A directory containing `meta.json` and N column files `col_000000.pbiv`, `col_000001.pbiv`, …, each a `PersistentBitVec`. Used for presence/absence matrices: one column per genome, one bit per MPHF slot.

```
presence/
  meta.json          {"n": <n_slots>, "n_cols": <G>}
  col_000000.pbiv    genome 0
  col_000001.pbiv    genome 1
  ...
```

Column-major layout makes per-genome set operations (Jaccard, Hamming, AND/OR) cache-friendly — each genome is a contiguous file. Row access (which genomes contain a given kmer) requires one O(1) read per column.

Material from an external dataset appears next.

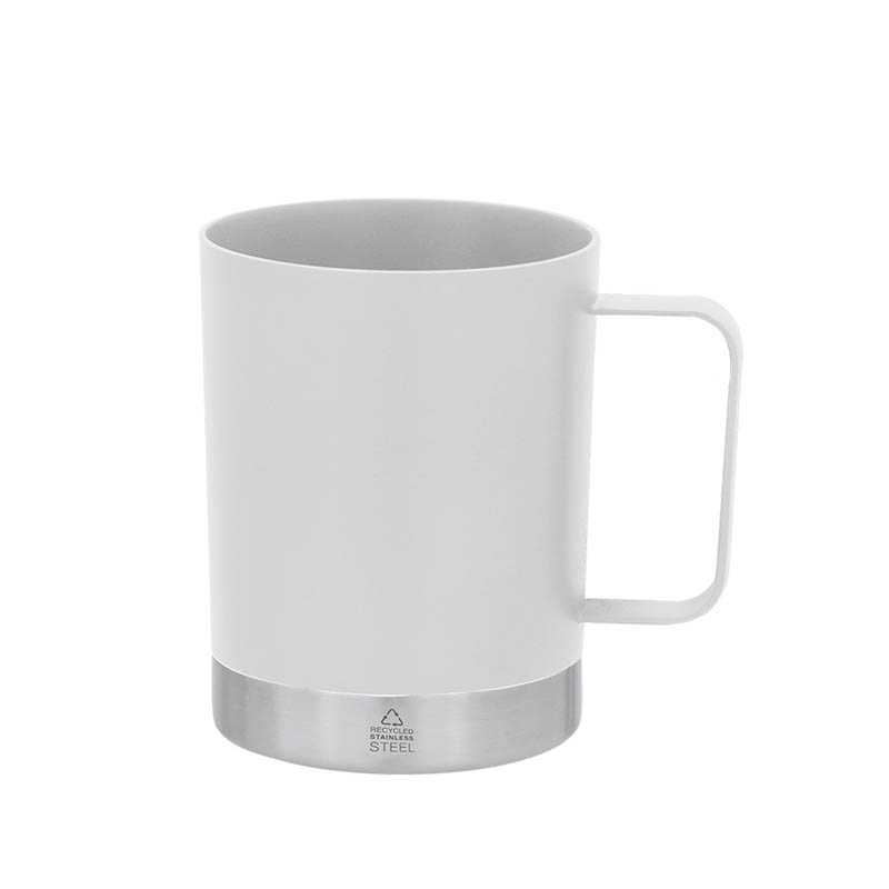 NOVINKA 2025. Recycled PP mug, combined with a base of recycled stainless steel. With a capacity of 400 ml.With Food Grade certification, ensuring safety when food comes into contact with the material used to manufacture the product. With Recycled Stainless Steel designation.Recycled PP is highly recyclable and strong plastic, suitable for many applications.Steel is one of the most demanded materials and can be found almost everywhere, from daily use products to large constructions. With countless properties, including durability and a high degree of reusability, making it a highly valued alternative in sustainability solutions. When properly treated, it allows for obtaining new resources of infinite use.

### Builder (`PersistentBitMatrixBuilder`)

```rust
struct PersistentBitMatrixBuilder {
    dir:    PathBuf,
    n:      usize,
    n_cols: usize,
}
```

**`new(n: usize, dir: &Path) -> io::Result<Self>`**

Creates the directory (including parents).

**`add_col(&mut self) -> io::Result<PersistentBitVecBuilder>`**

Creates `col_NNNNNN.pbiv` for the next column and returns its builder. The caller fills the column and calls `builder.close()` before calling `add_col` again.

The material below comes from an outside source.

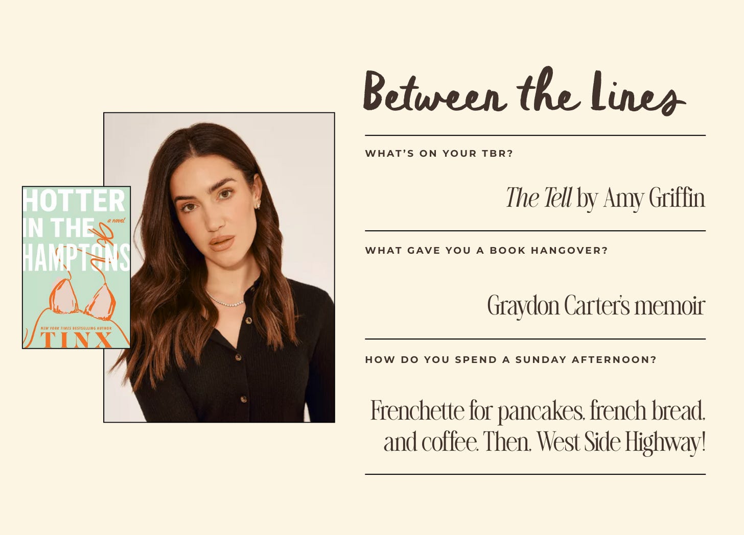 In recent years through countless editions of The Sunday Series, I’ve been able to bring you conversations on craft with writers I’ve long admired—Rebecca Serle, Robinne Lee, Carola Lovering, Grace Atwood, and more. These interviews have become some of my favorite sections of the newsletter to work on, so I decided to give them their own spotlight—and a new name to match. Introducing In Between The Lines: a Q&A series where I go deeper with the voices that inspire me most. We’re kicking In Between The Lines off with none other than Christina Najjar—aka Tinx—who opens up about writing her first novel, which hits shelves on Tuesday. And in true TSS fashion, she’s also dishing where she’d take us for the perfect New York Sunday together.

**`close(self) -> io::Result<()>`**

Writes `meta.json` with the final `n` and `n_cols`.

### Reader (`PersistentBitMatrix`)

```rust
struct PersistentBitMatrix {
    cols: Vec<PersistentBitVec>,
    n:    usize,
}
```

**`open(dir: &Path) -> io::Result<Self>`**

Reads `meta.json`, opens all `col_NNNNNN.pbiv` files.

**`row(slot: usize) -> Box<[bool]>`**

Returns the presence vector: `[col_0[slot], col_1[slot], …, col_{G-1}[slot]]`. One byte read per column. O(G).

**`col(c: usize) -> &PersistentBitVec`**

Direct access to a single column for column-oriented operations.

### LayerData implementation

```rust
impl LayerData for PersistentBitMatrix {
    type Item = Box<[bool]>;
    fn open(layer_dir: &Path) -> OLMResult<Self> { /* opens layer_dir/presence/ */ }
    fn read(&self, slot: usize) -> Box<[bool]>   { self.row(slot) }
}
```

---

## Aggregation traits — `obicompactvec::traits`

`PersistentBitMatrix` implements two aggregation traits used by `LayeredStore<S>` for cross-layer and cross-partition distance computations.

### ColumnWeights

```rust
impl ColumnWeights for PersistentBitMatrix {
    fn col_weights(&self) -> Array1<u64>   // = self.count_ones()
}
```

`col_weights()[c]` = number of set bits in column `c` across all slots.

### BitPartials

```rust
impl BitPartials for PersistentBitMatrix {
    // Self-contained partials (additive across layers)
    fn partial_jaccard(&self) -> (Array2<u64>, Array2<u64>)   // (inter, union)
    fn partial_hamming(&self) -> Array2<u64>                   // differing bits

    // Provided finalisations
    fn jaccard_dist_matrix(&self) -> Array2<f64>
    fn hamming_dist_matrix(&self) -> Array2<u64>
}
```

`partial_jaccard` returns `(inter, union)` as a pair because `union` is not reconstructible from per-column `count_ones()` — it depends on both columns simultaneously. Both components are additively decomposable across `(partition, layer)` pairs; the final `jaccard_dist_matrix()` is computed from their element-wise sums.